Here's a question: What does a mother say the first time that her daughter comes home and says, "Mom, I've met a guy." If it was me, I'd love my mom to be supportive and want the details like a best friend would, but as many guys that I have met I don't know how to go straight to my mom and actually say those words, "Mom, I've met a guy." I was just thinking about this last night and how I am seventeen and because I'm not allowed to date my parents have missed out on hearing about a big part of my life. A love life, because they don't know that such life exists with their daughter. I would love to talk to them about it but for this I can only talk to my friends and certain family members about it. I was just having a thought about how stressful it may be when I go to my parents when I meet a great guy. The parents and I have an open relationship but it doesn't include the casual guys in my life.

Thursday, March 3, 2011

Right and True

I've got a serious question! What is right? What is true? I have no idea what the answer to that is. I notice that I usually get on here when I'm either on a lively high or feeling low and I apologize for the range of emotions that I provide for the blogger world. I'm not exactly sure where to start because my life is like a full on rollercoaster that just never stops it's one thing one moment and another thing the next. I'm at work right now and a patient that just left almost made me cry. How did he do that? Well he started of with slight teasing about how I should know what I'm doing by now. I work at a Chiropractic Clinic by the way and if you know how the lingo goes then here is what happened:

He was sitting in a chair ready to be hooked up for stim so I already had the leeds ready to be used.

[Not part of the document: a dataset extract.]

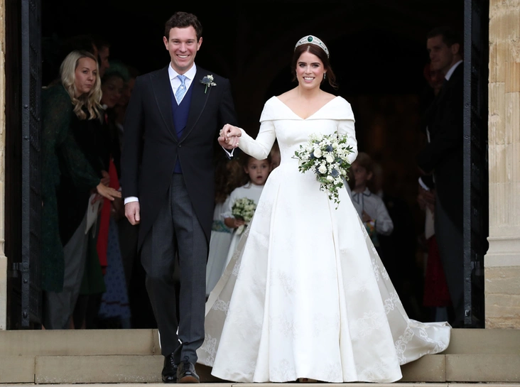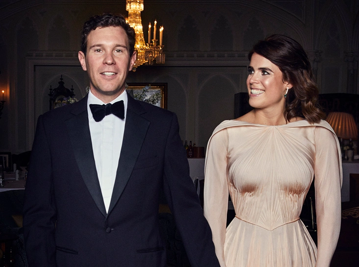 Для вечернего приема Ее Высочество также изменила прическу, выбрав мягкие локоны вместо пышного низкого пучка. Часть волос была слегка присобрана на затылке, причем в качестве заколки выступила бриллиантовая брошь королевы Виктории в виде пшеничного колоса. Это украшение Евгении одолжила Елизавета II. Сама Королева ранее появлялась с парными брошами-колосами на некоторых официальных мероприятиях. К слову, Джек Бруксбэнк также предпочел сменить традиционный для британских свадеб формальный morning suit с фраком на элегантный черный костюм.

I went into the hydroculator to get two heat packs. One for the cervical area and one for the lumbar. I grabbed two towels to put them under the heat packs so that he wouldn't burn to death[which right now I wouldn't mind] because I care for people. When I was about to put the towel on him, Dr.T corrected me about how I should put the towel on him. So I fixed it and the dumbass decides to say, "You've been working here for months now, right? You should know what you're doing by now." And I for one am one hell of an understanding person but I don't tolerate rude people so it took all that was in me to not say anything at all. After that the stim machine beeped so I had to go get it and I started with the one on the opposite side but it was the wrong side. ooopsss! He laughed out loud about where my mind is and I wish I could've told him, "It's soooo far away because I'm imaging ways that I could torture you right now you idiotic ignorant bastard." But he's a patient so I couldn't exactly say that.

And that's how I'm doing today. UGHHH!!! Almost cried and almost killed. I like the second better:/ I ask what is right, because it's not right to just criticize people you don't know so it sucks for him that whenever he comes in I'm gonna have it in for him. Sweet Revenge:) I know we have to turn the other cheek, blah, blah, blah but yeah I'm gonna be devilish for a bit and enjoy the torture that I can bring. And that isn't right, but hey shit happens, right? RIGHT!